It's speculated that ChatGPT uses 8x A100s, which flips the conclusion. Although...

mlyle · on March 1, 2023

No, the amount of math done is (approximately) the same; if you make the denominator 8x bigger, you make the numerator 8x bigger too.

refulgentis · on March 1, 2023

Would multiplying the GPUs by 8 decrease another part of the equation by 1/8, i.e. X flops on 1 GPU = Y seconds, X flops on 8 GPUs = Y / 8?

(Btw I keep running into you or your content the past couple months, thanks for all you do and your well thought out contributions -@jpohhhh)

pelasaco · on March 1, 2023

I checked the price of a A100, and its costs 15k? Is that right?

alchemist1e9 · on March 1, 2023

And $2.25 per hour on 1 year reservation means 8,760 hours x 2.25 = $19,710 rent for the year. Not a bad yield for the provider at all, but makes sense given overheads and ROI expected.

rictic · on March 1, 2023

Cost of power usage is marginal compared to that too:

300W per A100 * 8766 hours per year * $0.12 per kWh = $316 to power an A100 for a year

Tepix · on March 2, 2023

$0.12 per kWh is a very low price these days

15155 · on March 2, 2023

Is this a low price for a datacenter negotiating their load with a utility provider (as most do?)

pelasaco · on March 1, 2023

yes, specially that you don't have to deal with buying it, maintaining it, etc...

sroussey · on March 1, 2023

Not sure why people are so scared of this (in general). Yes, it’s a pain, but only an occasional pain.

I’ve had servers locked up in a cage for years without seeing them. And the cost for bandwidth has plummeted over the last two decades. (Not at AWS, lol)

Sebb767 · on March 2, 2023

The problem isn't the good times, the problem is when something happens in the middle of the night, when a RAM stick goes bad or when you suddenly need triple the compute power. Usually, you get to feel the pain when you need it the least.

I'm hosting a lot of stuff myself on my own hardware, so I do sympathize with this argument, but in a time>>money situation, going to the cloud makes a lot of sense.

pelasaco · on March 2, 2023

exactly, you pay for the case where a down time on Sunday happens or you are in vacation out of the city and something happens.. I had this issue back in the days with my bitcoin miners.. Always when I was out of the city, one of them went down and I wanted to go back ASAP

thewataccount · on March 1, 2023

Wait 8x total? For everyone at once?

freeqaz · on March 1, 2023

Per instance (worker serving an API request) it requires 8x GPUs. I believe they have thousands of these instances and they scale them up with load.
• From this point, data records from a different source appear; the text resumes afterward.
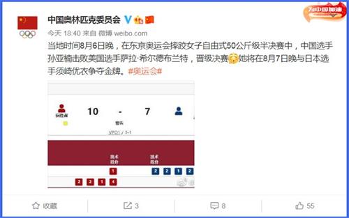 中工网讯 据中国奥林匹克委员会微博消息,当地时间8月6日晚,在东京奥运会摔跤女子自由式50公斤级半决赛中,中国选手孙亚楠击败美国选手萨拉·希尔德布兰特,晋级决赛,她将在8月7日晚与日本选手须崎优衣争夺金牌。
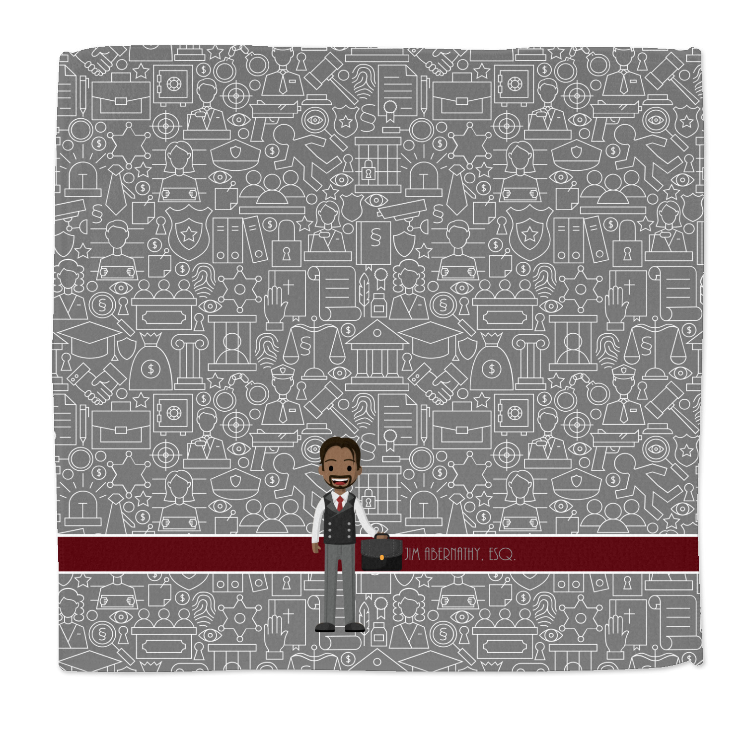 The background has fun attorney / law icons and is grey and white. The main feature of this design is a well dressed avatar of your choosing! You can upload your own or customize ours; you are able to customize the skin tone and hair color to fit what you like! There are also several different avatars / characters in the system to choose from with different hair and body types. Easily put your name or text right next to your avatar to finish off your awesome design.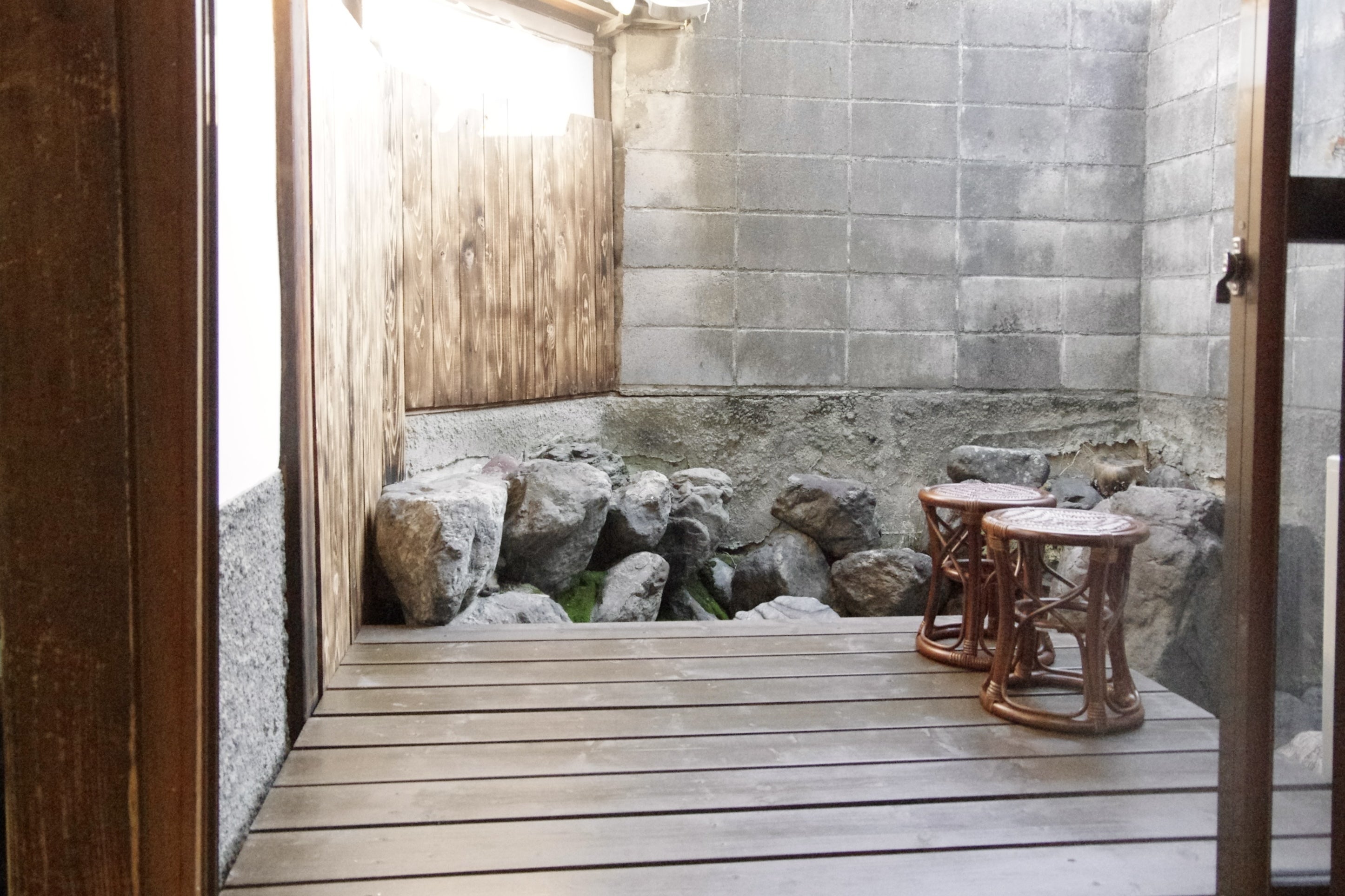 また、40年程使われていなかった庭を有効活用するために、ウッドデッキを設置しました。こちらは、工事費を少しでも削減するために、容輝湯の番頭とスタッフで手がけました。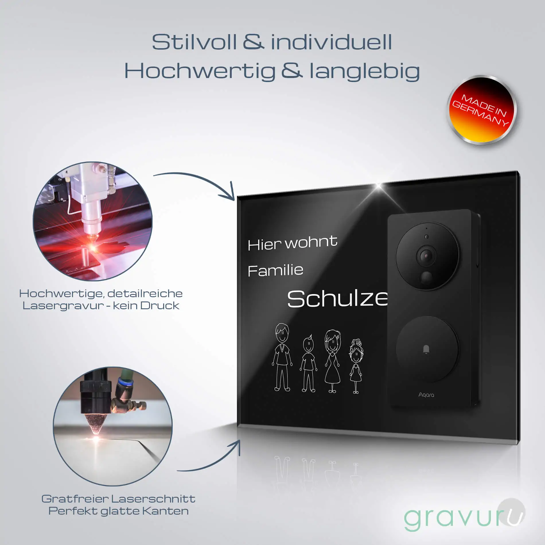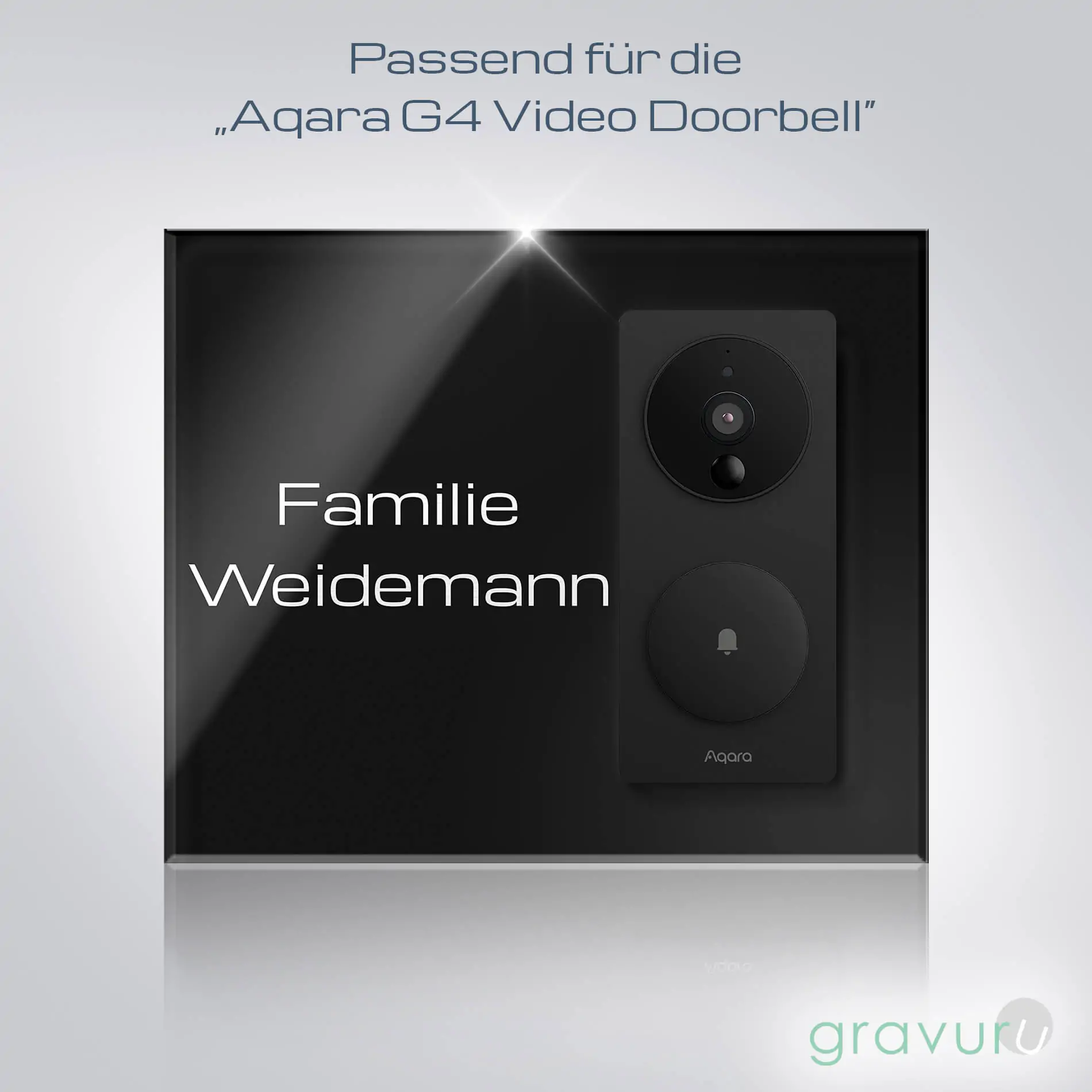 Das Funkklingelschild wird mit einer Aussparung im Acrylglas für Deine Aqara Videoklingel gefertigt. Die Edelstahlhintergrundplatte weist keinen Ausschnitt auf. So kann die Videotürklingel einfach in den Ausschnitt auf die Edelstahlplatte geklebt werden. Das Klingelschild selbst kannst Du optional mit Silikon, zusätzlichen Bolzen oder Klebeband für glatte Oberflächen montieren. Sollte keine Auswahl erfolgen, wird die Platte ohne Befestigung geliefert!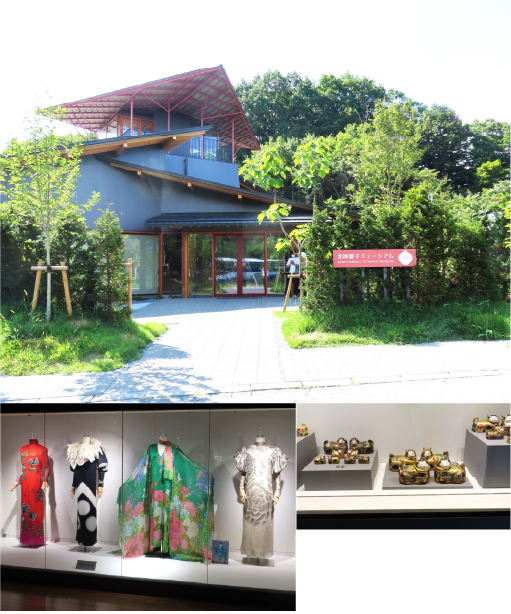 館内には、徹子が様々な場面で着用した華やかな着物やドレスをはじめ、彼女が世界各地から集めた版画や油絵、陶磁器、バッグや器、犬筥、小物など、多種多様な品々が並ぶ。ショップも。ミュージアムの設計は、渋谷の再開発など数々の著名な建築を手がけた内藤廣氏。高度な木造建築の技法が駆使され、軽井沢という土地の特性を生かした気持ちいい建物だ。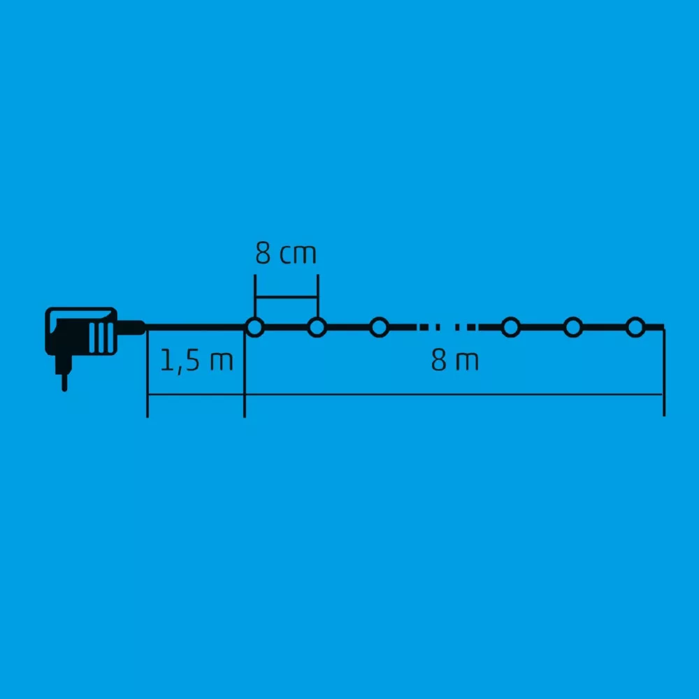 Home KII 100/WH LED-es fényfüzér, 8 m / 100 db hidegfehér LED, állófényű, zöld vezeték, hálózati adapter, beltéri kivitel

Because the model isn't dynamic (it doesn't learn) it is stateless and can be scaled elastically.

thewataccount · on March 1, 2023

Ah okay, that makes a lot more sense thank you!

pharmakom · on March 2, 2023

I expect some level of caching and even request bucketing by similarity is possible.

How many users come with the same prompt?

thewataccount · on March 2, 2023

In my experience running the same prompt always get's different results. Maybe they cache between different people but I'm not sure that'd be worth the cache space at that point? although 8x A100s is a lot to not have caching...

vineyardmike · on March 1, 2023

Each model needs 8x to run at the same time per request.